Никогда раньше она не вела себя столь импульсивно и впервые на своей памяти чувствовала себя свободной. Шагая по полированному полу аэропорта, она могла поклясться, что слышит плывущую в воздухе фортепианную музыку. Низкие минорные аккорды нависли над ее головой, как тяжелые дождевые тучи; она почти чувствовала, как ноты ударяют ей в лицо. Вцепившись в лямки рюкзака побелевшими от напряжения пальцами, она ощущала отдающуюся во всем теле пульсацию собственного сердца. Наконец-то она делала что-то значительное. Фейерверк.
Но когда она подошла к билетной кассе, от уверенности ничего не осталось. Все началось с одной-единственной мысли: что, если ее самолет упадет с неба? А потом она представила это, почувствовала и услышала, и не смогла ни дышать, ни думать, ни двигаться. Она сразу поняла, что это все, на что она способна. Она сделала прыжок с разбега, но ноги приросли к земле, и все ее тело обмякло. Она была самое большее поверженной статуей.
Застрявший.
Она не была ни храброй, ни свободной – просто помешанной.
Теперь мысль о том, чтобы вернуться в свою машину и сесть за руль, казалась невыносимой. Люди. Похороны бабушки. Луиза. Валенсия задыхалась и уже не чувствовала рук. Она поставила свой рюкзак на землю и направилась к своему месту. Ей нужно было что-то знакомое.
Стюардесса с суровым выражением лица тут же принесла рюкзак и сказала:
– Мэм. Нельзя оставлять вещи без присмотра и… о, вы в порядке?
Валенсия выдавила улыбку и солгала. У нее это хорошо получалось.
– В порядке. Я только что получила плохие новости. Извините. Мне нужна минутка.
Стюардесса похлопала ее по плечу и напомнила, что свои вещи нужно всегда держать при себе. Затем она ушла.

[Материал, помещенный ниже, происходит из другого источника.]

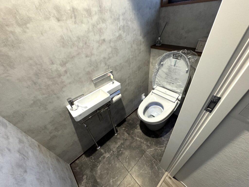 ・トイレは配置を見直して、ゆとりのある1帖空間に。手洗い器を別に設け、まるでお店のようなスタイリッシュな雰囲気に仕上がりました。 -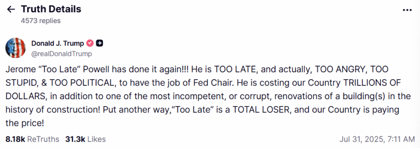 On Thursday, Trump again took to Truth Social to criticize Powell, this time for the Fed’s decision to hold rates steady at its most recent policy meeting.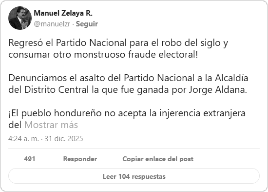 En su cuenta de la red social X, Zelaya afirmó que “regresó el Partido Nacional para el robo del siglo y consumar otro monstruoso fraude electoral”, y denunció específicamente el “asalto del Partido Nacional a la Alcaldía del Distrito Central”, cargo que, según aseguró, fue ganado por Jorge Aldana.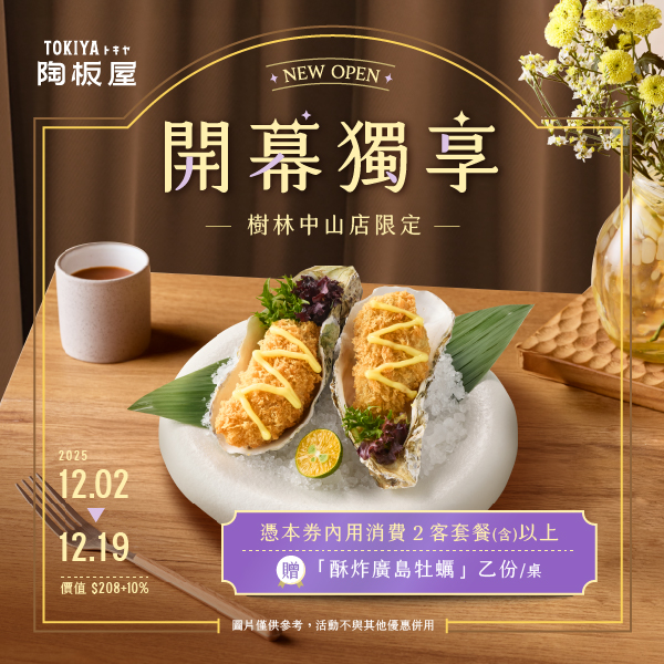 ■ 開幕限定:2025/12/2-12/19出示本畫面,內用消費2客(含)以上套餐,贈酥炸廣島牡蠣乙份/桌(價值$208+10%)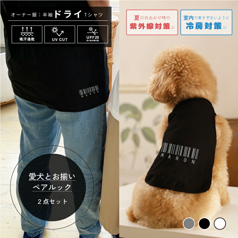 [送料無料]おそろいコーデ「OSOROI」 タンクトップ&半袖ドライTシャツ バーコード風 吸汗速乾 UVカット 犬とペアルック 2点セット 犬の服 ドッグウェア 犬とお揃い 名入れ 名前入り ギフト プレゼント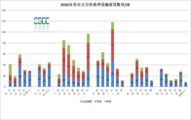 截至2020年,廣東、山東、江蘇、浙江四個(gè)省無(wú)害處理設(shè)施建設(shè)數(shù)量領(lǐng)跑,分別為118座、97座、85座和76座,它們建設(shè)的垃圾焚燒處理設(shè)施也最多,分別擁有57座、49座、46座、43座。而衛(wèi)生填埋場(chǎng)相對(duì)較多的省市則是廣東省(48座)、河北省(38座),河南省(36座),湖北省(34座)。按區(qū)域來(lái)看,華北地區(qū)、華中地區(qū)以及西南地區(qū)、東北地區(qū)建設(shè)垃圾填埋場(chǎng)數(shù)量明顯多于華東、華南地區(qū)。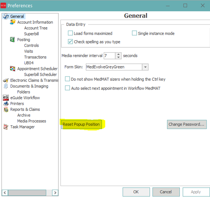 October 20, 2025 I am no longer seeing pop up reminders when opening accounts Pop Up Reminders Please navigate to the following location to reset your popup reminders within MedEvolve. View Tab-->Preferences. Select Reset Popup Position.

И что дальше? Она не могла сидеть там вечно. Она посмотрела на свои лежащие на коленях руки – покрасневшие, сухие, покрытые струпьями от постоянного мытья в обжигающе горячей воде. Старушечьи руки. Она смотрела на них миллион лет. Два миллиона. Три миллиона. Когда она снова подняла глаза, перед ней стояла Грейс.
– Ты в порядке, Вэлли?
– Да, – сказала Валенсия. – Нет. Как ты узнала, что я буду здесь?
– Сначала проверила твою квартиру, потом больницу. А потом вспомнила, как ты говорила, что иногда так делаешь. Это было последнее место, о котором я бы подумала, так что я рада, что ты здесь. Что ты делаешь? – Грейс шагнула вперед, и какой-то мужчина, проходя мимо, столкнулся с ней. Она увидела сумку, лежащую рядом с Валенсией, как послушная собака. – Ты… ты летишь к нему? – Она прошептала это с широко раскрытыми глазами, почти благоговейно.
Грейс оценила бы такой грандиозный романтический жест.